How to build trust during business changes

27 December 2023

To build trust while restructuring or cutting costs can be a challenging but essential goal for organisations. It’s not uncommon during such times for employees and stakeholders to feel uncertain or anxious. Understandably.

(Photo credit: Quang Nguyen Vinh)

After all, decisions are being made at the highest level of management but little is known outside that inner circle. Employees still need to do their jobs: serving their external and internal clients, meeting deadlines and moving existing projects and plans forward. Often easier said than done.

At a time when mergers and acquisitions rule the day and, if nothing else, workforce challenges and-or industry-altering innovations threaten to change the way so many of us do business, leaders have to approach the emergent changes in a way that reduces turmoil and also informs, inspires and empowers.
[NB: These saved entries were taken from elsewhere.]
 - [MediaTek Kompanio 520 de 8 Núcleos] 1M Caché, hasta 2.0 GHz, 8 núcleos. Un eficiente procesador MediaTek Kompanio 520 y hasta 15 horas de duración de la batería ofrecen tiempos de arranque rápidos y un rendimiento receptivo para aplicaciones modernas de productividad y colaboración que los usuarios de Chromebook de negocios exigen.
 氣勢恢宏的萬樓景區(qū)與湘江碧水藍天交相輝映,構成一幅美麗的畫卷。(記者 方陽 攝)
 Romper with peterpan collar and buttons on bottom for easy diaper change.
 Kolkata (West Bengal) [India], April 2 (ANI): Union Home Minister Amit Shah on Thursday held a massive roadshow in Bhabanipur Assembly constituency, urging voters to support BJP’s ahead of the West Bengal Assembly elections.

It starts with open and transparent communication. Make a point to keep all stakeholders, including employees, informed about the reasons for cost-cutting or restructuring measures, the expected outcomes and the potential impact. Communicate both the challenges and the opportunities that these changes bring. Ultimately, be honest about the necessity of the changes and the potential sacrifices.
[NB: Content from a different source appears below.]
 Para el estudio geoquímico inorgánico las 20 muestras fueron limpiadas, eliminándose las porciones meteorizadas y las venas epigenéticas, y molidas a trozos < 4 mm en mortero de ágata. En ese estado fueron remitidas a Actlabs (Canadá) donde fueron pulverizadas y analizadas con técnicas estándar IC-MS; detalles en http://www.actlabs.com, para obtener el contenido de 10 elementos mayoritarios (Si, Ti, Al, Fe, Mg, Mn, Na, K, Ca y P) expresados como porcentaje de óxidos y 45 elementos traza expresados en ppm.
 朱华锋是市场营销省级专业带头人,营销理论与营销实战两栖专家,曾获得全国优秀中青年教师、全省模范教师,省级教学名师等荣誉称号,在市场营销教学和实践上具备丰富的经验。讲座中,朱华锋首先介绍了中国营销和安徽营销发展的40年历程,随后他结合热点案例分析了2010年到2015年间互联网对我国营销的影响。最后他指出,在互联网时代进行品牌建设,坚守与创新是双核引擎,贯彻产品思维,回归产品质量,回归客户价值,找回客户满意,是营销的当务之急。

If and when you can, involve employees in decision making. Engage them in the process by seeking their input and involving them where it’s feasible. More often than not, when employees feel their opinions are valued and considered, it leads to greater trust and buy-in.

All the while, you’ll want to prioritise employee well-being. Layoffs and reduced benefits can have a significant impact on morale and trust. Offer support services like counselling or workshops to help employees cope with the change. Also, if possible, continue to invest in employee training and development. This shows a commitment to their growth and can help build trust.

Credible path

Preparation and execution being what it is, organisational readiness and people readiness are two distinct, albeit interconnected, concepts. Both are crucial in the successful implementation of change in an organisation.

Organisational readiness refers to the preparedness of an entire organisation to undertake and support a specific change. It involves assessing the organisation’s ability to adapt, implement and sustain change effectively. People readiness focuses on the individuals in the organisation who will be directly affected by the change. It’s about ensuring employees are prepared, willing and able to embrace that change.

An effective change-management strategy takes both factors into account to ensure a smooth and successful transition. As leaders you have to impress upon employees that cost reductions will not only be fair but productive. Restructuring is not intended to simply permit the company to survive a little longer. It is to set the company on a path to greater prosperity and thus better jobs for those who remain.

Then you also have to deliver. You can’t just embark on a project out of desperation. There has to be a credible path forward for the company – an accessible strategy that proves said change(s) are serving the overall goal.

In the end building and maintaining trust during moments of change takes time and effort but, with careful planning, transparent communication and a focus on the well-being of employees and the long-term success of the organisation, you can minimise the negative impacts and even strengthen both trust and output within your organisation.